_YOUR OBJECTIVE_
Your response should contain exactly the lines running from the one with "Important presentation photograph" to the end of the data below, both included, and no pictures.

■ ■ ■

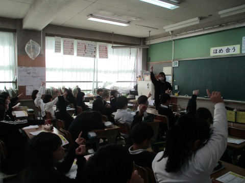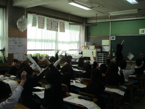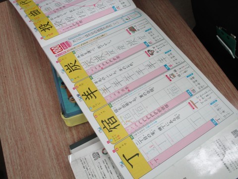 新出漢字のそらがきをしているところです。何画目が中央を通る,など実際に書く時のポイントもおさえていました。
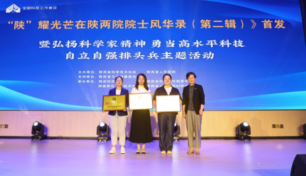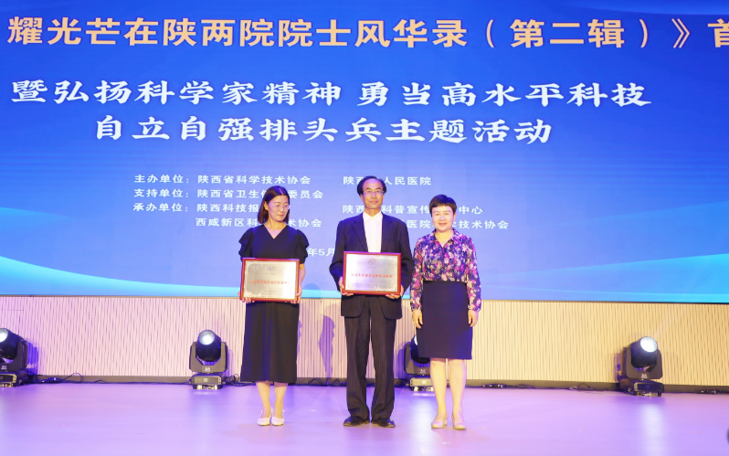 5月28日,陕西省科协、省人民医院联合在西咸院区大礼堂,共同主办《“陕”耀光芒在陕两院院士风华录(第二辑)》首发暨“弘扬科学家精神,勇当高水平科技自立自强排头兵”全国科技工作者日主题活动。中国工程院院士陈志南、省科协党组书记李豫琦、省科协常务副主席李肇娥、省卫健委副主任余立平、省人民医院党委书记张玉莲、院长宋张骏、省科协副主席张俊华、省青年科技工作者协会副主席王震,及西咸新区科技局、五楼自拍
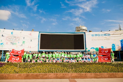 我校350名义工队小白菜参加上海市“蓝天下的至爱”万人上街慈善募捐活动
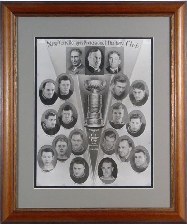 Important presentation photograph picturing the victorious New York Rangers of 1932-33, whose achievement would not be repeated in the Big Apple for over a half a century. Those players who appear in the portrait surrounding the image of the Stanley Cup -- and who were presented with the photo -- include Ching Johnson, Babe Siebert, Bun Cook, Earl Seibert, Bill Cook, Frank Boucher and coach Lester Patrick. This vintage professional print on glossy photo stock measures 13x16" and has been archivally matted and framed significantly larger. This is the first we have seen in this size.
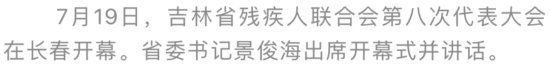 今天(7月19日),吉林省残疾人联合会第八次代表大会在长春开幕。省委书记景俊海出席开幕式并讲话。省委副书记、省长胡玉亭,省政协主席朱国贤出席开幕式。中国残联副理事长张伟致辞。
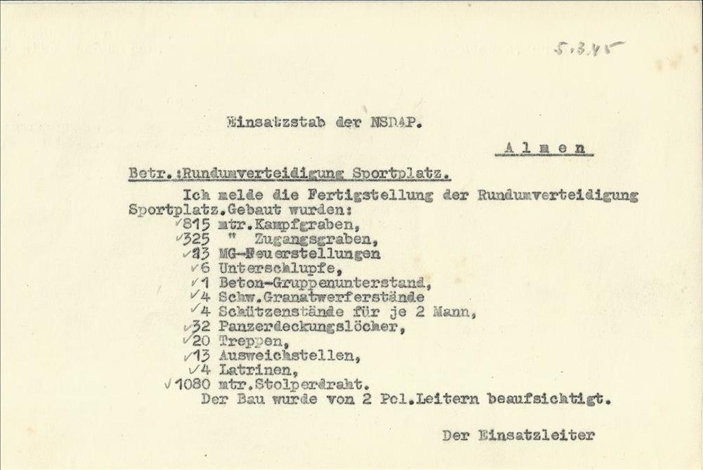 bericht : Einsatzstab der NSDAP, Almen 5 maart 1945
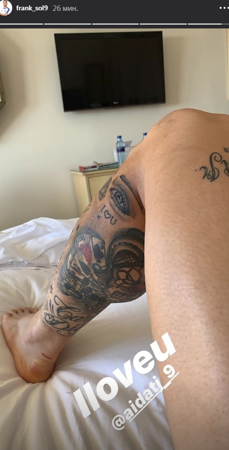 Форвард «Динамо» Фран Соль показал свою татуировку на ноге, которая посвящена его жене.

■ ■ ■

_YOUR SOLUTION_
 Important presentation photograph picturing the victorious New York Rangers of 1932-33, whose achievement would not be repeated in the Big Apple for over a half a century. Those players who appear in the portrait surrounding the image of the Stanley Cup -- and who were presented with the photo -- include Ching Johnson, Babe Siebert, Bun Cook, Earl Seibert, Bill Cook, Frank Boucher and coach Lester Patrick. This vintage professional print on glossy photo stock measures 13x16" and has been archivally matted and framed significantly larger. This is the first we have seen in this size.
 今天(7月19日),吉林省残疾人联合会第八次代表大会在长春开幕。省委书记景俊海出席开幕式并讲话。省委副书记、省长胡玉亭,省政协主席朱国贤出席开幕式。中国残联副理事长张伟致辞。
 bericht : Einsatzstab der NSDAP, Almen 5 maart 1945
 Форвард «Динамо» Фран Соль показал свою татуировку на ноге, которая посвящена его жене.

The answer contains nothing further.